WHAT IS EXPECTED: What you return should be the lines from the one with "Inauguration Ceremony of" through the one with "Помогите,пожалуйста,упростить выражение (sin" in the data below, reproduced exactly with both ends, and no pictures at all.

PROVIDED DATA:
####################

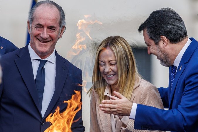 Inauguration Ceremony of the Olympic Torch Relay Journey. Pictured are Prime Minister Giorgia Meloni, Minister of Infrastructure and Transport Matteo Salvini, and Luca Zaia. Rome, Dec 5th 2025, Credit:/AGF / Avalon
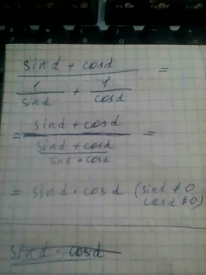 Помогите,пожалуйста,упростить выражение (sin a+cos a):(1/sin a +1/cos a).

####################

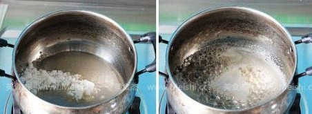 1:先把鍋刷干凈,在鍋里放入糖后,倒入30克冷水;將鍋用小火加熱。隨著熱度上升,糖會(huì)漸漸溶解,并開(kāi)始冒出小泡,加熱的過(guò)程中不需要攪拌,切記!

####################

RESPONSE BELOW:
 Inauguration Ceremony of the Olympic Torch Relay Journey. Pictured are Prime Minister Giorgia Meloni, Minister of Infrastructure and Transport Matteo Salvini, and Luca Zaia. Rome, Dec 5th 2025, Credit:/AGF / Avalon
 Помогите,пожалуйста,упростить выражение (sin a+cos a):(1/sin a +1/cos a).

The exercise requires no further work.